RHCS是RedHatClusterSuite的缩写,也就是红帽子集群套件,RHCS是一个能够提供高可用性、高可靠性、负载均衡、存储共享且经济廉价的集群工具集合,它将集群系统中三大集群架构融合一体,可以给web应用、数据库应用等提供安全、稳定的运行环境。
特点:可以100多台机器作为节点
服务不需要集群软件
共享存储是有用的,不是必须的
网络电源切换需要为多机器服务
红帽集群套件进程:
这是RHCS集群的一个基础套件,提供一个集群的基本功能,使各个节点组成集群在一起工作,具体包含分布式集群管理器(CMAN)、成员关系管理、锁管理(DLM)、配置文件管理(CCS)、栅设备(FENCE)。
集群配置系统:ccsd(cluster configure system)
高可用管理:aisexec:集群建通信、成员管理
Rgmanager:集群资源管理
共享存储:dlm:分布式锁机制
部署:luci和system-config-cluster方式配集群
配置文件:
/etc/cluster/cluster.conf
1、配置centos源
如果可以联网,我们可以使用centsos源来进行yum安装
#vi /etc/yum.conf
[base]
name=Red Hat Enterprise Linux $releasever -Base
baseurl=http://ftp.twaren.net/Linux/CentOS/5/os/$basearch/
gpgcheck=1
[update]
name=Red Hat Enterprise Linux $releasever -Updates
baseurl=http://ftp.twaren.net/Linux/CentOS/5/updates/$basearch/
gpgcheck=1
[extras]
name=Red Hat Enterprise Linux $releasever -Extras
baseurl=http://ftp.twaren.net/Linux/CentOS/5/extras/$basearch/
gpgcheck=1
[addons]
name=Red Hat Enterprise Linux $releasever -Addons
baseurl=http://ftp.twaren.net/Linux/CentOS/5/addons/$basearch/
gpgcheck=1
Yum install scsi-target*
RHA5上用yum安装程序时候,出现下面的异常问题:
Is this ok [y/N]: y
Downloading Packages:
warning: rpmts_HdrFromFdno: Header V3 DSA signature: NOKEY, key ID e8562897
RHA5
解决办法:
rpm --import http://centos.ustc.edu.cn/centos/RPM-GPG-KEY-CentOS-5
如果是低版本,可以使用
rpm --import http://centos.ustc.edu.cn/centos/RPM-GPG-KEY-centos4
如果本地没有联网,则可以配置一个本地光盘yum源
#vi /etc/yum.conf
[Base]
name=RHEL5 ISO Base
baseurl=file:///media/cdrom/Server
enabled=1
gpgcheck=0
[Cluster]
name=RHEL5 ISO Cluster
baseurl=file:///media/cdrom/Cluster
enabled=1
gpgcheck=0
2.2部署集群软件
Yum install ricci
Chkconfig ricci on
Service ricci restart
Yum install luci 配置管理节软件luci
[root@localhost iscsi]# luci_admin init 设置luci密码
Initializing the luci server
Creating the 'admin' user
Enter password:
Confirm password:
Please wait...
The admin password has been successfully set.

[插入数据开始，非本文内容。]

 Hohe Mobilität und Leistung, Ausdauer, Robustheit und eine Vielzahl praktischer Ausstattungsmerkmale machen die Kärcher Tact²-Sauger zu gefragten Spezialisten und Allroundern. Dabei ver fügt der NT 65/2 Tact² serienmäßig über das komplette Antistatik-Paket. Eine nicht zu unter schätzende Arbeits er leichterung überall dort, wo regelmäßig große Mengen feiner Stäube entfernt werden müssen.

Generating SSL certificates...
The luci server has been successfully initialized
You must restart the luci server for changes to take effect.
Run "service luci restart" to do so
#chkconfig luci on
#service luci restart
[root@localhost iscsi]# service luci restart
Shutting down luci: [确定]
Starting luci: Generating https SSL certificates... done
[确定]
Point your web browser to https://ipap.128:8084 to access luci
2.3配置集群套件
https://管理ip:8084
集群-》创建新集群,输入主机名和密码
单击提交,它就开始在节点进行软件安装和部署,成功后再集群列表里便可以看到创建的集群,并可以进行集群的开启和停止与解散。

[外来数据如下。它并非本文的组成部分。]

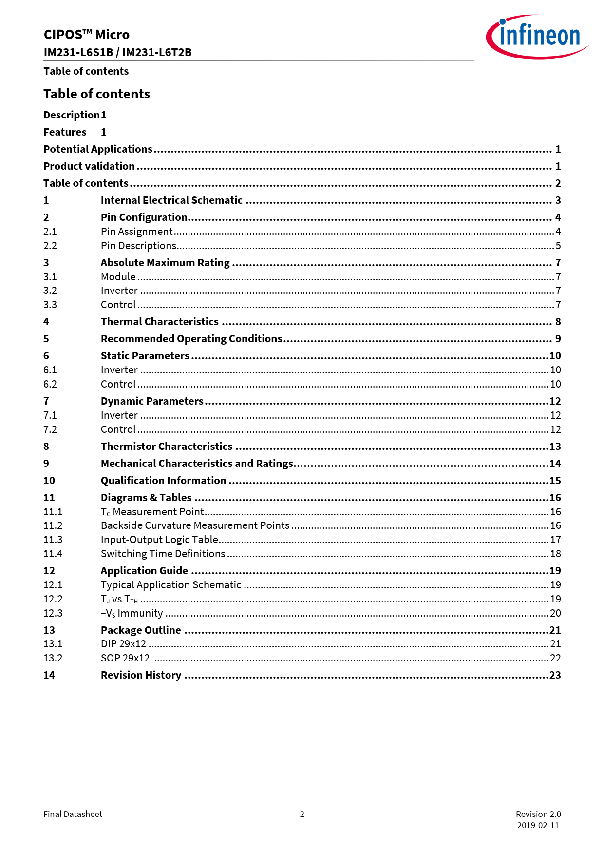 Final Datasheet 2 Revision 2.0 2019-02-11 Document Outline Description Features Potential Applications Product validation Table 1 Part Ordering Table Table of contents 1 Internal Electrical Schematic 2 Pin Configuration 3 Absolute Maximum Rating 4 Thermal Characteristics 5 Recommended Operating Conditions 6 Static Parameters 7 Dynamic Parameters 8 Thermistor Characteristics 9 Mechanical Characteristics and Ratings 10 Qualification Information 11 Diagrams & Tables 12 Application Guide 13 Package Outline Revision History Disclimer

如果出现如下错误,则确认hosts文件和防火墙与selinux是否关闭。
#chkconfig rgmanager on 这是一个可选组件,开启资源管理
#service rgmanager restart
切换到集群的节点,可以看到几个功能框
Fence是一个虚拟的,分别在集群下面配置自己的fence
Add a failover domain,设置优先级,如果优先级高的会优先,一般设为一样,不让随便跑。
Add a sharable fence device,选择一个fence卡,切换机制。
2.4配置集群服务
配置一个ip:集群-》增加一个集群ip
添加资源:输入资源名,路径和磁盘为同一磁盘
配置服务:集群-》配置一个服务
选择服务名,选择切换域,选择轮训策略,这里选择relocate轮训。
通过单击add resource to this service,选择我们刚刚建立的资源,配置完毕在服务页开启开启服务。
2.5 集群测试
Ping 192.168.68.130 虚拟的出的服务ip
#clustat -i 1 查看集群状态
Cluster Status for cluster1 @ Mon Dec 16 15:35:51 2013
Member Status: Quorate
Member Name ID Status
------ ---- ---- ------
192.168.68.128 1 Online, Local, rgmanager
192.168.68.129 2 Online, rgmanager
Service Name Owner (Last) State
------- ---- ----- ------ -----
service:httpd 192.168.68.128 started
#ip addr list 查看ip状态
[root@localhost rc.d]# ip addr list
1: lo: <LOOPBACK,UP,LOWER_UP> mtu 16436 qdisc noqueue
link/loopback 00:00:00:00:00:00 brd 00:00:00:00:00:00
inet 127.0.0.1/8 scope host lo
inet6 ::1/128 scope host
valid_lft forever preferred_lft forever
2: peth0: <BROADCAST,NOARP,UP,LOWER_UP> mtu 1500 qdisc pfifo_fast qlen 1000
link/ether fe:ff:ff:ff:ff:ff brd ff:ff:ff:ff:ff:ff
inet6 fe80::fcff:ffff:feff:ffff/64 scope link
valid_lft forever preferred_lft forever
我们可以通过图形界面更改服务ip
#Clustat -i 1
Cluster Status for cluster1 @ Mon Dec 16 15:39:16 2013
Member Status: Quorate
Member Name ID Status
------ ---- ---- ------
192.168.68.128 1 Online, Local, rgmanager
192.168.68.129 2 Online, rgmanager
Service Name Owner (Last) State
------- ---- ----- ------ -----
service:httpd 192.168.68.129 started
这是一个早期的RHCS配置工具,我们首先再管理节点
Yum install sys-config-cluster安装该工具
Yum install cman
Yum install rmanger
然后cp /etc/cluseter/cluster.conf 到所有节点
Chkconfig cman on
Chkconfig rgmanger on
Service cman start
Service rgmanager start
然后sys-config-clusetr开始配置即可
RHCS可以通过iscsi使用共享存储,提高磁盘容量和工作效率。
Udev是一个策略,它使得linux对磁盘的识别变得简单。
Iscsi使用tcp/ip协议,可以挂载共享存储。
Yum install scsi-target*
Chkconfig tgtd on
Service tgtd start
root@localhost yum.repos.d]# fdisk /dev/hdb 磁盘分区
The number of cylinders for this disk is set to 8322.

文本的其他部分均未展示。